Joe, a Shure SM57 may work for you, it’s a popular and inexpensive cardioid microphone. It’s unidirectional and generally popular as an instrument microphone. An SM57 will cost you around $100.
The Rohde (pronounced Road-uh) NT5 may work for you as well, it’s also unidirectional, meant for studio use and it will cost you about $220.
The Scarlett, in particular the Solo, would probably be a good choice if you want something that will allow you to record yourself and a guitar without breaking the bank.
A 2-channel Behringer U-Phoria UMC202HD may work for you as well, but it’s overall similar and it’ll cost you a little more at around $200.
A Zoom UAC 2 will raise the price a little bit more to $250, but it’s also a solid 2-channel option and we have experience with their products and they seem very durable.
Greg in Manchester, Tennessee listens Online and asked: “Question about the new Edge browser. I got a notification on my computer that I need to update my Internet Explorer browser. I’m just wanting to know more about what you know about the Edge browser and why it’s better.”

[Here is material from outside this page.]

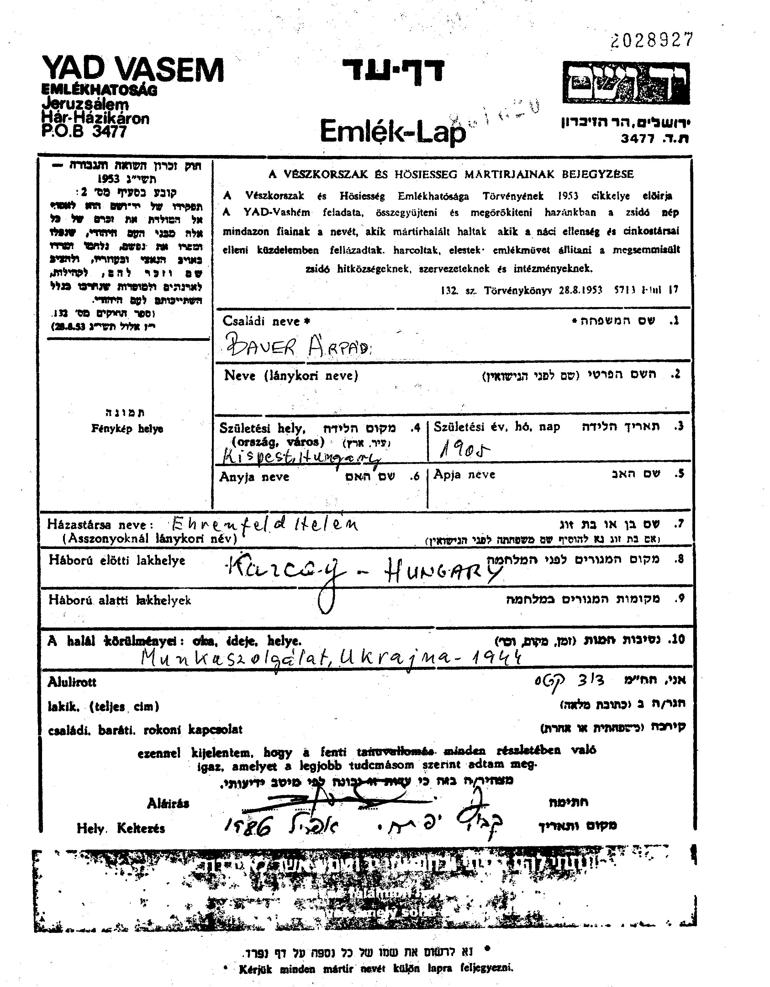 Arpad Bauer wurde im Jahr 1905 in Kispest, Ungarn geboren. Er war mit Helen Verheiratet. Vor dem Zweiten Weltkrieg lebte er in Karcag, Ungarn. Während des Krieges war er in Zwangsarbeit Bataillone MUSZ in die Ungarischen Streitkräfte.
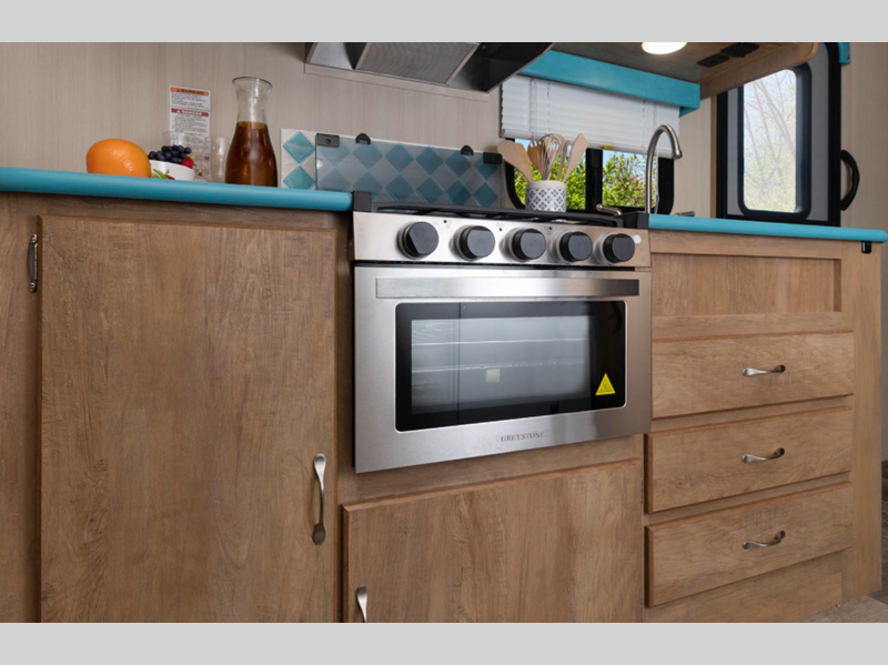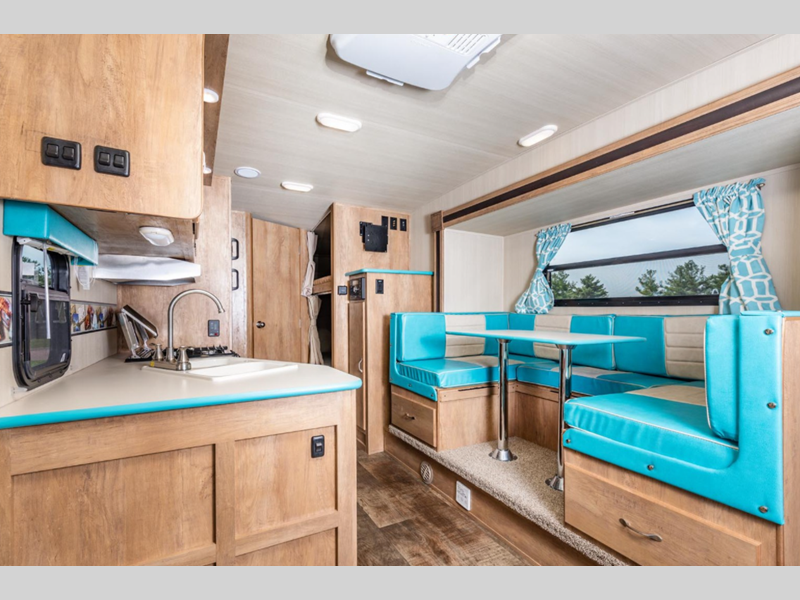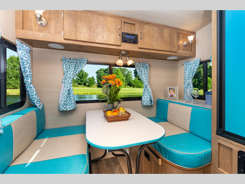 Since these models are constructed with laminated fiberglass sidewalls with an exterior layer of Azdel, they are both lightweight and durable. The easy-lube axles will provide smooth towing, and the hitch light will allow you to get on the road in no-time. Inside, you'll love the vintage dinette and vintage cabinet doors, plus high-performance vinyl flooring and cream countertops with self-edging. There are multiple USB ports to keep your electronics charged and ready to go, plus a convenience switch panel with a tank monitor to access your trailers functions in one easy location.

Greg, once upon a time IE accounted for about 95% of the traffic websites would see, these days as you’re experiencing, even Microsoft wants off of it.
Microsoft is still supporting IE at least until Windows 10 loses support, but they’re not really keeping it updated to where it can compete with modern browsers. IE doesn’t support many standards that every other browser does, so it’s not rare to run into pages that just will not work under IE.
Most sites – but also web-based services – are not bothering to support IE anymore because the user base is understood to have shrunk to pretty small levels, but also because it is genuinely expensive to support it. That lack of compatibility with modern standards means that some things that work for every other browser will not work with IE and it might need to add lots of brittle workarounds or even duplicate features.
Edge on the other hand is reskinned Chromium, the engine that Google’s Chrome uses. Chrome is the current standard browser on computers and the one that has the most widespread support. That means that switching over to Edge will pretty much guarantee that most sites around will work with your computer.
At the moment, if you want to stick with IE11, you should be good. It’s still getting security updates, but your overall online experience will be worse.